Anyway the barista, given his apparent background in web site development and such, seems as likely as anyone to possibly recognize me. That is the sense I got the first time I walked into the place, that he was trying not to tell me something.

Speaking of writing I’ve been irritable about hearing from a woman who I’ve known at various levels of intimacy for about 20 years. I was surprised as hell to hear from her … I guess it was a couple of months ago. I thought sure she had written me off as a friend, which is not to say that I gave the matter a lot of thought.

What’s making me irritable is how after those ~20 of sometimes madly intimate encounters I find that I have no idea who this woman is. She publishes poetry and fiction under a nom de plume, she has possibly been lying to me all this time about her real name and age, and who knows what other vagaries of her diurnal existence she has skillfully skated around telling me. And it’s not just her. There’s a dude I’ve known for about the same number of years who, like her, ignores or somehow waves off almost any direct question about his livelihood or ambitions. He e-mailed me last week, making him one of the handful of people who at least tried to maintain connection since I quit Facebook, and that’s cool of him, but I have so far not responded. I don’t appreciate this sense that I don’t deserve or have not earned the right to know certain things.

It is impossible to really know a person. If I am irritable about these and other individuals opaque existences it is because I maintain an admittedly naive notion that such knowledge comes with years. But years pass like strangers. No, they pass like minutes.

The song “I’m Your Venus” is playing here. My sister said that the first time she heard it she thought the singer was saying “I’m Your Penis”. As the song plays I find that I hear “penis” instead of “venus” when I am not altogether listening to the song.

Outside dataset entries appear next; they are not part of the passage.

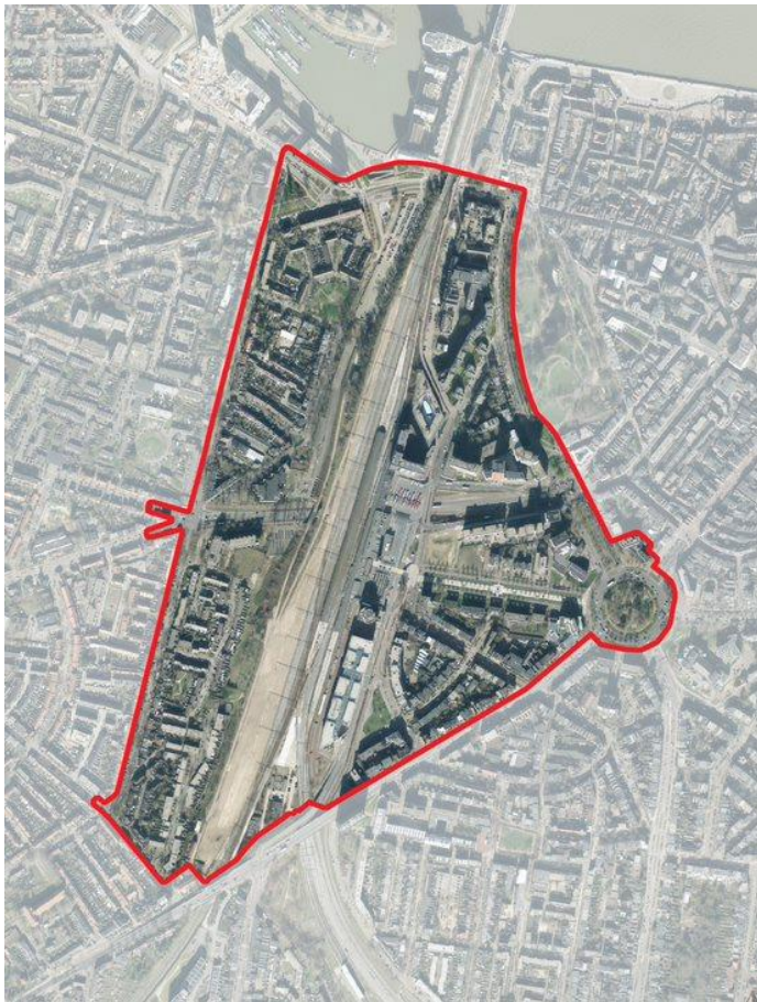
Figuur 1: Scopekaart gebiedsvisie

Het projectgebied stationsgebied en loopt van de Waal tot aan het spoorviaduct Graafseweg, en van het Keizer Karelplein tot het kruispunt “de vijfknop” in Nijmegen-West. Het grenst aan de wijken Benedenstad, Stadscentrum, Bottendaal, Wolfskuil en de Biezen. De scope voor de gebiedsvisie is op onderstaande kaart weergegeven. Deze scope is ruimer dan de concrete projectenkaart van het stationsgebied.
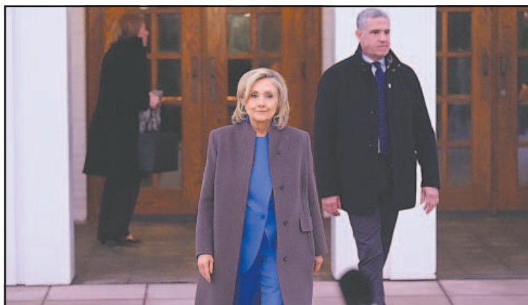
LA exprimera dama de los Estados Unidos aseguró que NO tenía idea de las actividades criminales del fallecido delincuente sexual convicto.- (POR ESTO!)
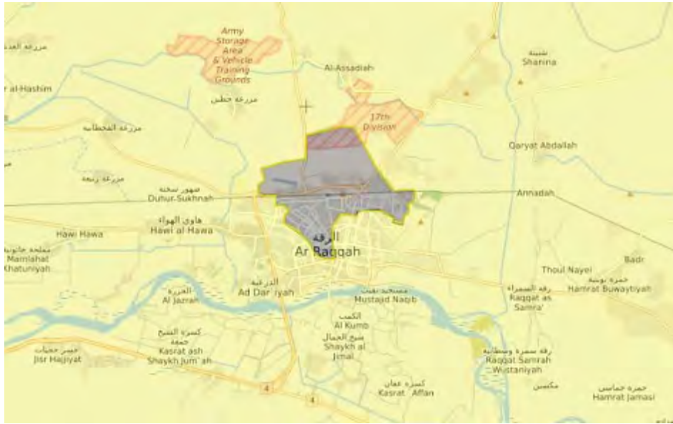
"المربع الأمني" لتنظيم الدولة الإسلامية في مركز مدينة الرقة (أورينت نيوز، 1 أيلول/ سبتمبر 2017).
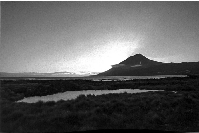
Aussicht vom Fischerdorf Lajes auf den Vulkan von Pico.
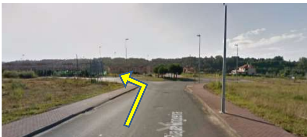
Imaxe 13. Cruce Costa Miño (km 5,400)
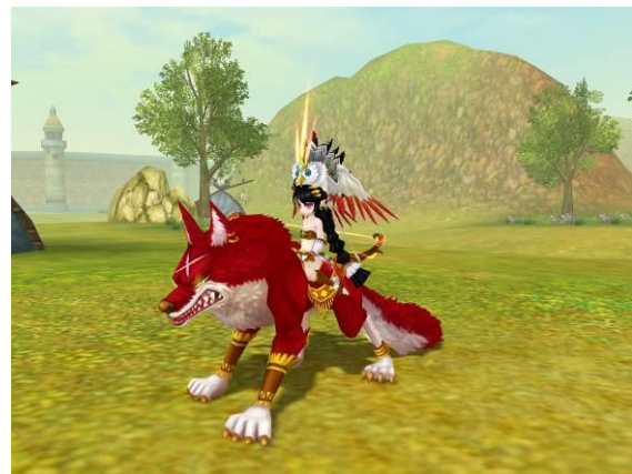
▲精霊「レパド」ゲーム内イメージ
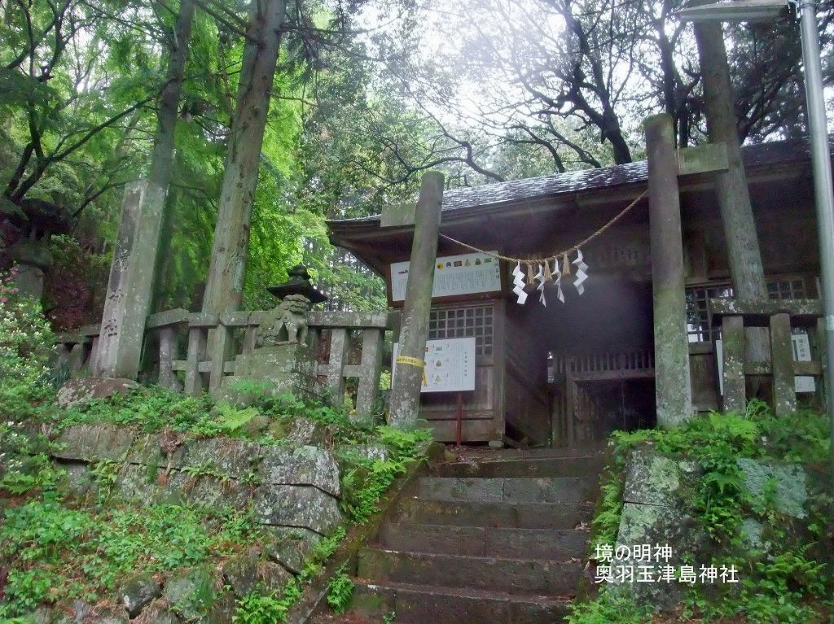
境の明神 奥羽玉津島神社

I was once on an airplane where, for whatever reason, (perhaps excess of inventory?) the flight attendants simply buried us in bags of peanuts. You expect this foodstuff on most flights but this time it was like every 20 minutes there would be another helping of 2 or 3 bags of peanuts. The flight landed and as the passengers filed off an older gentleman yelled “NICE PEANUTS!” Everybody on the plane turned to look in the direction of this individual, then turned away and chuckled. Some even giggled. Everyone thought he had shouted “NICE PENIS!” and that was why they turned to look and see.

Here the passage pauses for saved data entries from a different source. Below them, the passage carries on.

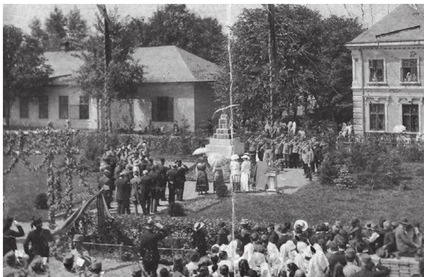
Slavnostní odhalení pomníku 2. června 1916

Pomník byl dokončen a obci slavnostně předán na začátku června 1916. Po
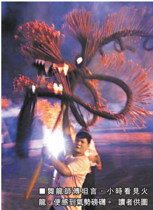
■舞龍師傅坦言，小時看見火龍，便感到氣勢磅礴。

香港文匯報訊（記者 郭兆東）中秋舞火龍對市民而言，是具有本土文化特色的節慶活動，但對舞龍師傅來說，除了是每年大展拳腳的機會，更具有與親朋好友人月兩團圓的雙重意義。已在大坑舞火龍多年的誠哥及威哥表示，雖然為傳承本土文化，定必繼續「舞下去」，但笑言當日已搬走的鄰居及家人都會「自動蒲頭」，對於能享受當中再聚首一堂的歡悅，才是真正堅持下去的原動力，坦言希望日後隨各人成家立室，可繼續為舞火龍的大家庭增添新血，將這項具社區及傳統意義的活動傳承下去。
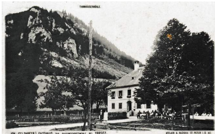
Um 1950 - Bauernschrottmühle

Jeden 1. Donnerstag im Monat von 9.00 Uhr bis 11.00 Uhr sind die Topothekare für Sie am Gemeindeamt da.
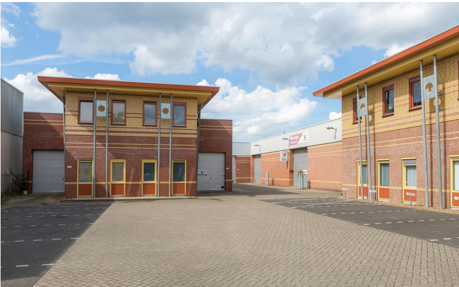
Dillenburgstraat 26 en 26B en C te Eindhoven
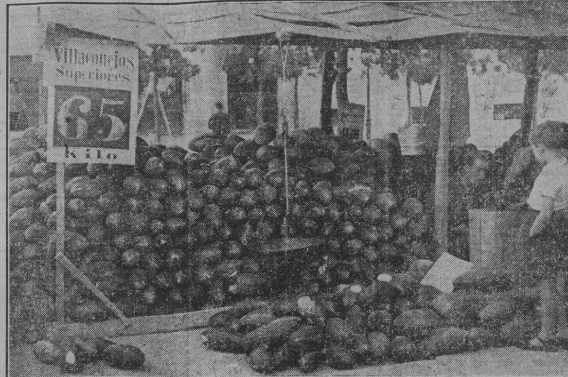
En cada escuela madrileña se levanta hoy una barricada. Saturado el ambiente del belicismo que los periódicos sugieren con sus noticias de guerra, se nos antojan depósitos de obuses. Pero no pasan de ser municiones de Villacabras. El sábralo 'cucurbita melo', delicioso manjar español, que nada tiene que envidiar a las más ricas frutas tropicales. Pero, ¡caudales!, que si por la mañana es oro y por la tarde plata... por la noche mata. Como si, en efecto, fuese un obús.
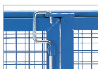
Sistema de fecho por haste Fornecido sem cadeados

The move to the new server in Canada has been kind of epic, though only for me. No one on the click end of the equation should care, as the change was transparent to them. I might have lost emails from overnight or earlier today. It took me a while to grasp the details of pointing email MX records to my box without using my own DNS. It’s a lot easier with your own DNS server but, as it took me a few days to understand, running your own DNS server isn’t really something you want to do at this data center.